# FREE Boyfriend Cardigan Pattern



## MrsB (Jun 3, 2011)

This pattern is courtesy of Knitty.com - a FREE boyfriend cardigan (for women) that also covers extended sizes.

http://www.knitty.com/ISSUEdf11/PATTboyfriend.php


----------



## sweetnessprecious (Feb 2, 2011)

Thank you so much. I have been looking for a simple raglan. My MIL (who is deceased now) made me a sweater 40 years ago and I am still using it but it is slightly worn and to big. I will make me another thanks to you.


----------



## MrsB (Jun 3, 2011)

You are welcome. I'm glad you found something you've been looking for. The only issue I have with this sweater is the size and number of buttons used. However, that can be easily adjusted when you add the neck and front binding edge. this would also be a great pattern for a more involved yarn, say a variegated. If you are looking for a booklet on basic sweater patterns (cardigans, v-necks, etc) you might like the Paton's series. Booklet #DD 500838 has a series of easy knit sweaters with various necklines, although these seem to be set-in sleeves. http://patonsyarns.com/patternbook.php?PBS=500838


----------



## Katsch (Mar 15, 2011)

very nice, thanks for link to pattern


----------



## yona (Feb 7, 2011)

Very nice.


----------



## Larraine11 (Apr 1, 2011)

My two cents again- Patons also has series of book called 'Back to Basics" I have II which has all styles of sleeves and necklines with directions for all sizes from baby to men.
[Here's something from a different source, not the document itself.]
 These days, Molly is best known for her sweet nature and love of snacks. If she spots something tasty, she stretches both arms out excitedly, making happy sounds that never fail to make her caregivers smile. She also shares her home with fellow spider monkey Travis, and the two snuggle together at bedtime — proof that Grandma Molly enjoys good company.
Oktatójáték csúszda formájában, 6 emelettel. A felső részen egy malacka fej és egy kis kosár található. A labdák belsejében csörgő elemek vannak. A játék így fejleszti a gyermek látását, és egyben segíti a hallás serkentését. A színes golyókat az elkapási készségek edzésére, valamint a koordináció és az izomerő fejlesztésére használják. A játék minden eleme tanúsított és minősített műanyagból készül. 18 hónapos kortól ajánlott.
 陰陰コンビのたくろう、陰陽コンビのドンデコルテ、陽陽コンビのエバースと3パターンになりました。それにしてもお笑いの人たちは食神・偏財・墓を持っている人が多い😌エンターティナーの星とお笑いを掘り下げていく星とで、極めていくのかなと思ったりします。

Most useful book I ever had. You jst add your own stitch selection. Incidentally, I seem to have 2 and would sell one for $5. Shirl


----------



## MrsB (Jun 3, 2011)

I love the Patons series of designing your garments based on your size (including up to 4x or so) and determining which neckline or sleeve, etc., you prefer. It's a very helpful guide for wannabe designers, too.


----------



## dragondrummer (Jun 5, 2011)

MrsB said:


> You are welcome. I'm glad you found something you've been looking for. The only issue I have with this sweater is the size and number of buttons used. However, that can be easily adjusted when you add the neck and front binding edge. this would also be a great pattern for a more involved yarn, say a variegated. If you are looking for a booklet on basic sweater patterns (cardigans, v-necks, etc) you might like the Paton's series. Booklet #DD 500838 has a series of easy knit sweaters with various necklines, although these seem to be set-in sleeves. http://patonsyarns.com/patternbook.php?PBS=500838


Mrs.B, thanks for the link to the patternbook. I saw several patterns I'd like to try. 
:-D


----------